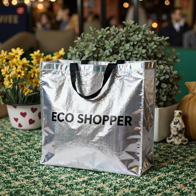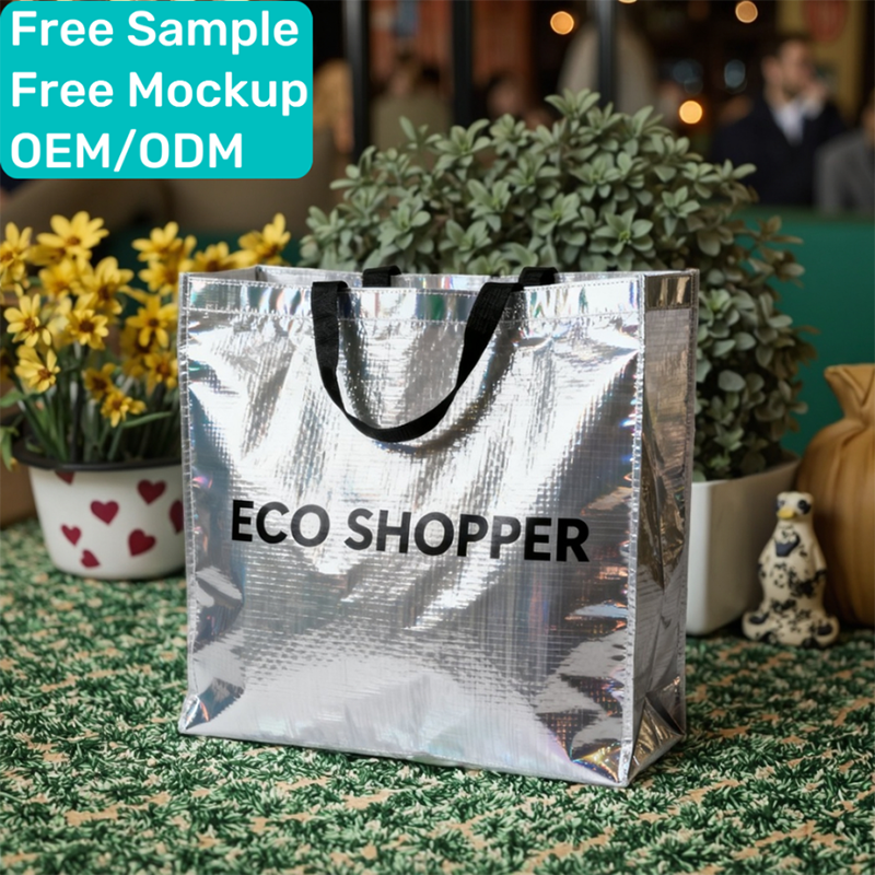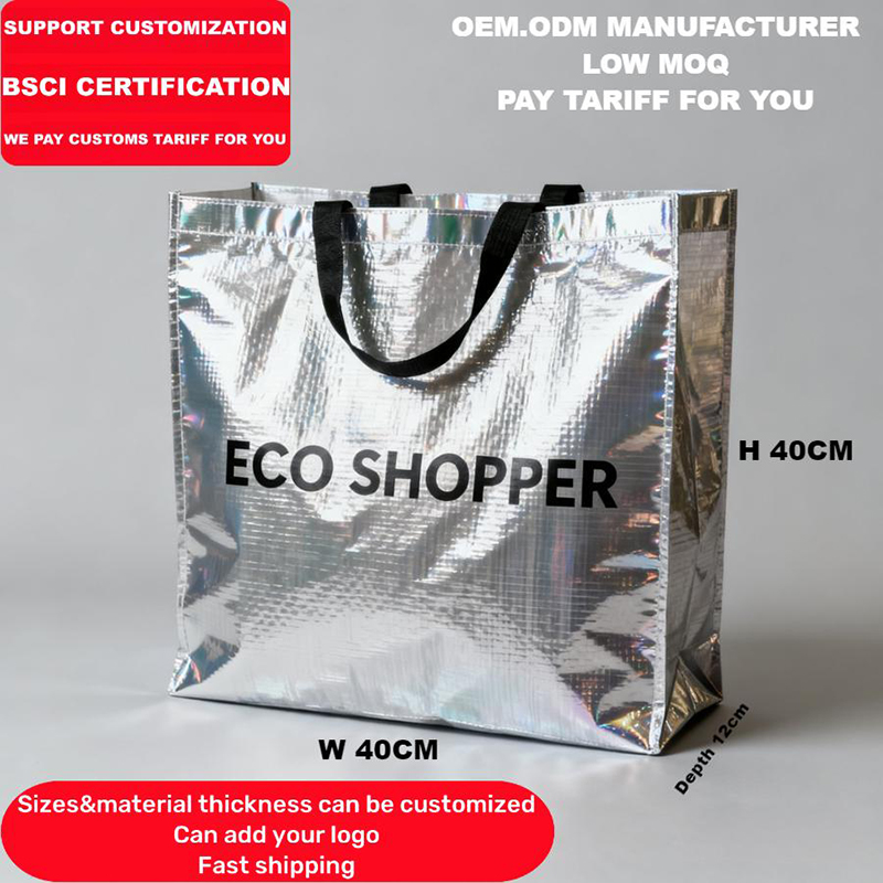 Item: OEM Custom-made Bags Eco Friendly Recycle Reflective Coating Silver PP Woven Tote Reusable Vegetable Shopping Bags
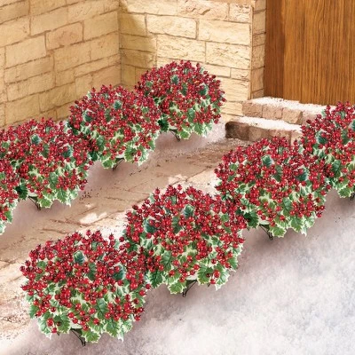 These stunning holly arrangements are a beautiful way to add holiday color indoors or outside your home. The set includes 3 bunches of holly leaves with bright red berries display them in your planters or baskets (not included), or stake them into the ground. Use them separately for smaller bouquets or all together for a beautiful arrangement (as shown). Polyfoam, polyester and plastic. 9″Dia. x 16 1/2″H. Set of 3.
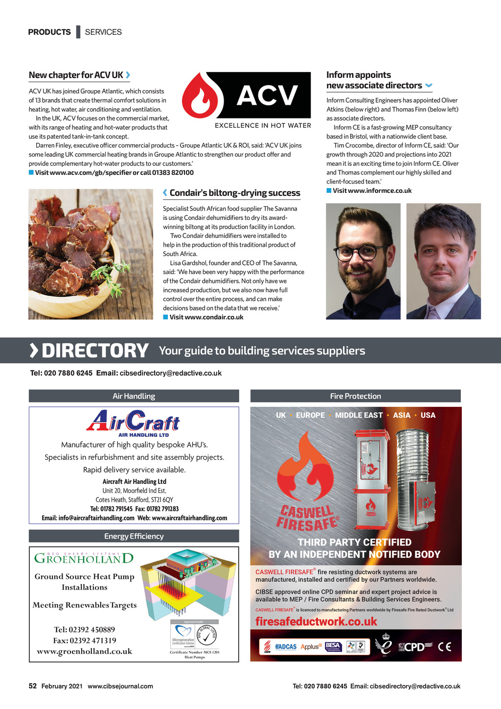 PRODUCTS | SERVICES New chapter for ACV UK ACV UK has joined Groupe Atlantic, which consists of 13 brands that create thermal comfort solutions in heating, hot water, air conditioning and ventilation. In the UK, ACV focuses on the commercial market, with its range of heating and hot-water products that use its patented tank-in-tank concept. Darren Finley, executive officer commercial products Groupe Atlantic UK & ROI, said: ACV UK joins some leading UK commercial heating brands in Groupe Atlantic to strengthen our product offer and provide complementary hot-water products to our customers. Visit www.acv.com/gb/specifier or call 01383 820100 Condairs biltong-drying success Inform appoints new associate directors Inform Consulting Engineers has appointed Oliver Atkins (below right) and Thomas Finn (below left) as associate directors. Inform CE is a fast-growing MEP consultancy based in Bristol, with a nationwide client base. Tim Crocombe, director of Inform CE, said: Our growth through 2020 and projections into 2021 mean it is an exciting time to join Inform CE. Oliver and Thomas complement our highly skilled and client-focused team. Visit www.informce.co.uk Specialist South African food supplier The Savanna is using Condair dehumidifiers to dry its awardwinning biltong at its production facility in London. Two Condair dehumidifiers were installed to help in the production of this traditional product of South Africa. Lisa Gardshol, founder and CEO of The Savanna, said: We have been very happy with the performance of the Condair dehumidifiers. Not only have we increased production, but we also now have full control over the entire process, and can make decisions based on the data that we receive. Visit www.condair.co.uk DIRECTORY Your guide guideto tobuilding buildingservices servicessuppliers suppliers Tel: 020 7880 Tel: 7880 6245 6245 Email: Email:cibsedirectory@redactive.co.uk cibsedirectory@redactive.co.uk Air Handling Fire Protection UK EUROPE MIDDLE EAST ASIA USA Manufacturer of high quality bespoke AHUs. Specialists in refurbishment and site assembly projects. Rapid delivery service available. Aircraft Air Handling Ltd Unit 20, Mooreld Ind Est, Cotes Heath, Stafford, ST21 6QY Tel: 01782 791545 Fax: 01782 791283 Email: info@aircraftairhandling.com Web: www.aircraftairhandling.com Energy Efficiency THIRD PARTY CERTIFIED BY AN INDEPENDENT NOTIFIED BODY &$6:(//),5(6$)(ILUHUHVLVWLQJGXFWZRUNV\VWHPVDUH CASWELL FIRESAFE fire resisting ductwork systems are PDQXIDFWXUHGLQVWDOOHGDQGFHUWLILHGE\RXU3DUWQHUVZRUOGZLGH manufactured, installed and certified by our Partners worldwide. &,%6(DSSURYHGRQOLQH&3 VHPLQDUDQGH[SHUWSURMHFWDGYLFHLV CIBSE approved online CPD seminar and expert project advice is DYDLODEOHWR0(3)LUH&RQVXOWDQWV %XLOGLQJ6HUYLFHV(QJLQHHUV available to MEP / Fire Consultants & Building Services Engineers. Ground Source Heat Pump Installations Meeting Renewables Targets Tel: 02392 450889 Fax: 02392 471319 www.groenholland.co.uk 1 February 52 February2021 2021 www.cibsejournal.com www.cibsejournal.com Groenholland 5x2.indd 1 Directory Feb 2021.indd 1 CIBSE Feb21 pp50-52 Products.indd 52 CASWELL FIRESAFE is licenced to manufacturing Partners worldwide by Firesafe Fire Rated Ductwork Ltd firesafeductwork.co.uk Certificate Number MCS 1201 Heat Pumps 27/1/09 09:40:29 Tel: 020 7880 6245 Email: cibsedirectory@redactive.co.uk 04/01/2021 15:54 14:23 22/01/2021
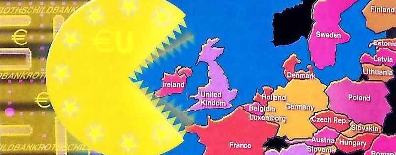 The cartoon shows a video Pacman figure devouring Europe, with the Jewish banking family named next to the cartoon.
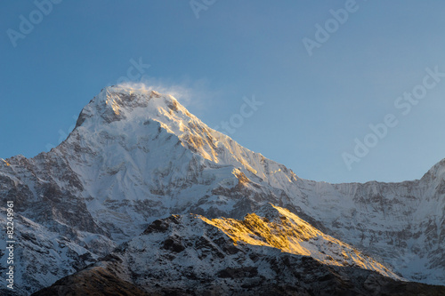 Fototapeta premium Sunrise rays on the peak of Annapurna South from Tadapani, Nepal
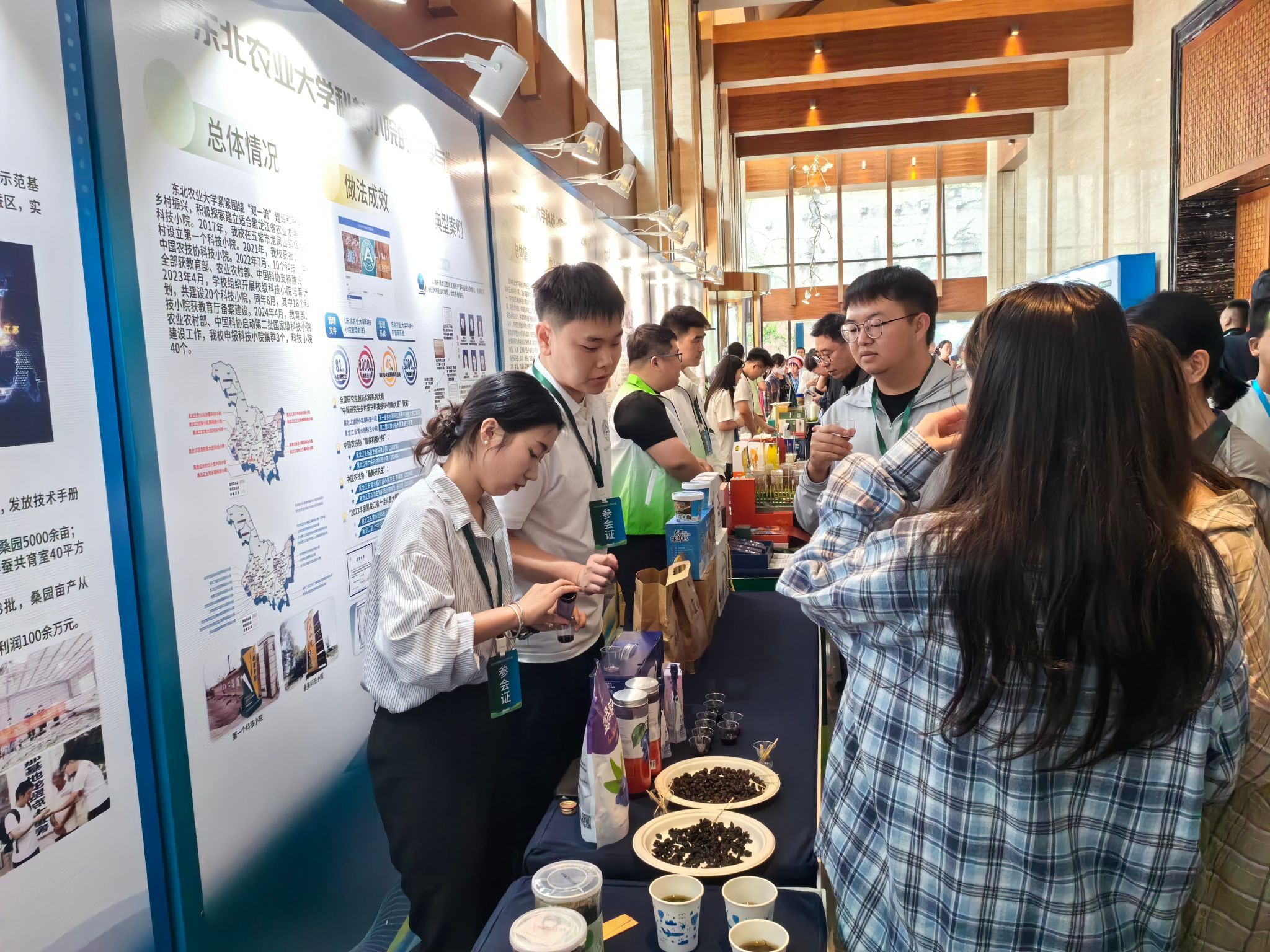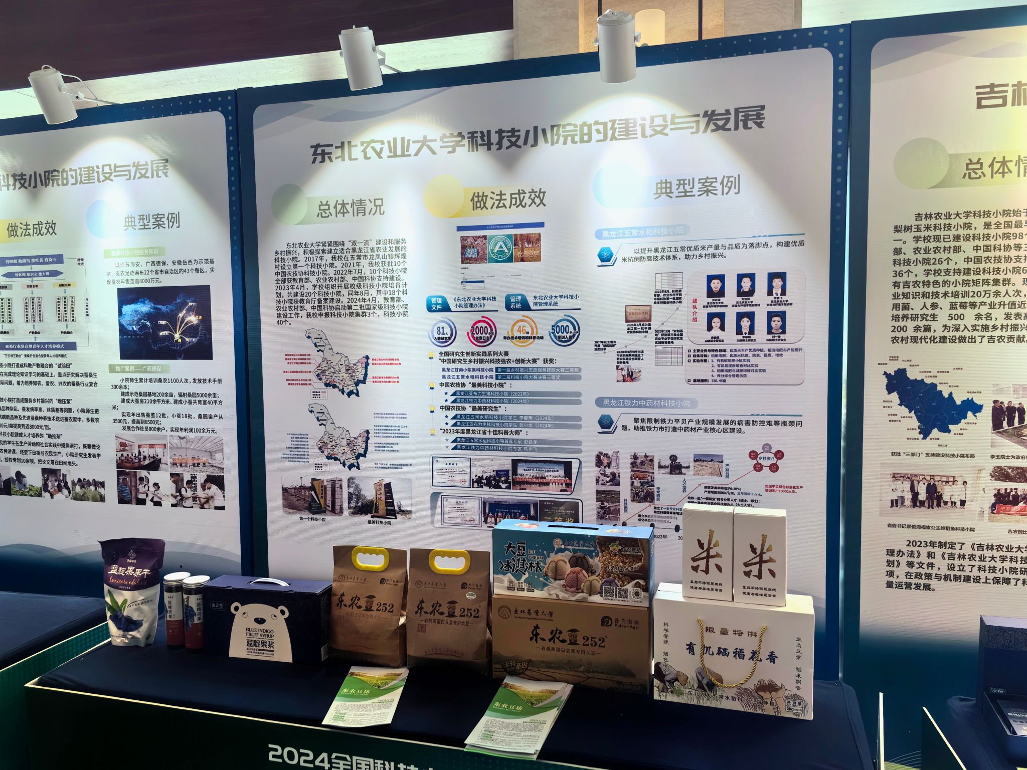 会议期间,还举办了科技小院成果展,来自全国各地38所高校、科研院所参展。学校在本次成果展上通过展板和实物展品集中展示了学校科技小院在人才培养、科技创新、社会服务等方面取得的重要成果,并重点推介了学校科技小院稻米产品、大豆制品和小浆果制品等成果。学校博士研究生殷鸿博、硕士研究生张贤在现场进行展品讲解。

####

What this task involves:
A verbatim transcript of the entries above is required, with the pictures left out.

Expected output:
 Item: OEM Custom-made Bags Eco Friendly Recycle Reflective Coating Silver PP Woven Tote Reusable Vegetable Shopping Bags
 These stunning holly arrangements are a beautiful way to add holiday color indoors or outside your home. The set includes 3 bunches of holly leaves with bright red berries display them in your planters or baskets (not included), or stake them into the ground. Use them separately for smaller bouquets or all together for a beautiful arrangement (as shown). Polyfoam, polyester and plastic. 9″Dia. x 16 1/2″H. Set of 3.
 PRODUCTS | SERVICES New chapter for ACV UK ACV UK has joined Groupe Atlantic, which consists of 13 brands that create thermal comfort solutions in heating, hot water, air conditioning and ventilation. In the UK, ACV focuses on the commercial market, with its range of heating and hot-water products that use its patented tank-in-tank concept. Darren Finley, executive officer commercial products Groupe Atlantic UK & ROI, said: ACV UK joins some leading UK commercial heating brands in Groupe Atlantic to strengthen our product offer and provide complementary hot-water products to our customers. Visit www.acv.com/gb/specifier or call 01383 820100 Condairs biltong-drying success Inform appoints new associate directors Inform Consulting Engineers has appointed Oliver Atkins (below right) and Thomas Finn (below left) as associate directors. Inform CE is a fast-growing MEP consultancy based in Bristol, with a nationwide client base. Tim Crocombe, director of Inform CE, said: Our growth through 2020 and projections into 2021 mean it is an exciting time to join Inform CE. Oliver and Thomas complement our highly skilled and client-focused team. Visit www.informce.co.uk Specialist South African food supplier The Savanna is using Condair dehumidifiers to dry its awardwinning biltong at its production facility in London. Two Condair dehumidifiers were installed to help in the production of this traditional product of South Africa. Lisa Gardshol, founder and CEO of The Savanna, said: We have been very happy with the performance of the Condair dehumidifiers. Not only have we increased production, but we also now have full control over the entire process, and can make decisions based on the data that we receive. Visit www.condair.co.uk DIRECTORY Your guide guideto tobuilding buildingservices servicessuppliers suppliers Tel: 020 7880 Tel: 7880 6245 6245 Email: Email:cibsedirectory@redactive.co.uk cibsedirectory@redactive.co.uk Air Handling Fire Protection UK EUROPE MIDDLE EAST ASIA USA Manufacturer of high quality bespoke AHUs. Specialists in refurbishment and site assembly projects. Rapid delivery service available. Aircraft Air Handling Ltd Unit 20, Mooreld Ind Est, Cotes Heath, Stafford, ST21 6QY Tel: 01782 791545 Fax: 01782 791283 Email: info@aircraftairhandling.com Web: www.aircraftairhandling.com Energy Efficiency THIRD PARTY CERTIFIED BY AN INDEPENDENT NOTIFIED BODY &$6:(//),5(6$)(ILUHUHVLVWLQJGXFWZRUNV\VWHPVDUH CASWELL FIRESAFE fire resisting ductwork systems are PDQXIDFWXUHGLQVWDOOHGDQGFHUWLILHGE\RXU3DUWQHUVZRUOGZLGH manufactured, installed and certified by our Partners worldwide. &,%6(DSSURYHGRQOLQH&3 VHPLQDUDQGH[SHUWSURMHFWDGYLFHLV CIBSE approved online CPD seminar and expert project advice is DYDLODEOHWR0(3)LUH&RQVXOWDQWV %XLOGLQJ6HUYLFHV(QJLQHHUV available to MEP / Fire Consultants & Building Services Engineers. Ground Source Heat Pump Installations Meeting Renewables Targets Tel: 02392 450889 Fax: 02392 471319 www.groenholland.co.uk 1 February 52 February2021 2021 www.cibsejournal.com www.cibsejournal.com Groenholland 5x2.indd 1 Directory Feb 2021.indd 1 CIBSE Feb21 pp50-52 Products.indd 52 CASWELL FIRESAFE is licenced to manufacturing Partners worldwide by Firesafe Fire Rated Ductwork Ltd firesafeductwork.co.uk Certificate Number MCS 1201 Heat Pumps 27/1/09 09:40:29 Tel: 020 7880 6245 Email: cibsedirectory@redactive.co.uk 04/01/2021 15:54 14:23 22/01/2021
 The cartoon shows a video Pacman figure devouring Europe, with the Jewish banking family named next to the cartoon.
 Fototapeta premium Sunrise rays on the peak of Annapurna South from Tadapani, Nepal
 会议期间,还举办了科技小院成果展,来自全国各地38所高校、科研院所参展。学校在本次成果展上通过展板和实物展品集中展示了学校科技小院在人才培养、科技创新、社会服务等方面取得的重要成果,并重点推介了学校科技小院稻米产品、大豆制品和小浆果制品等成果。学校博士研究生殷鸿博、硕士研究生张贤在现场进行展品讲解。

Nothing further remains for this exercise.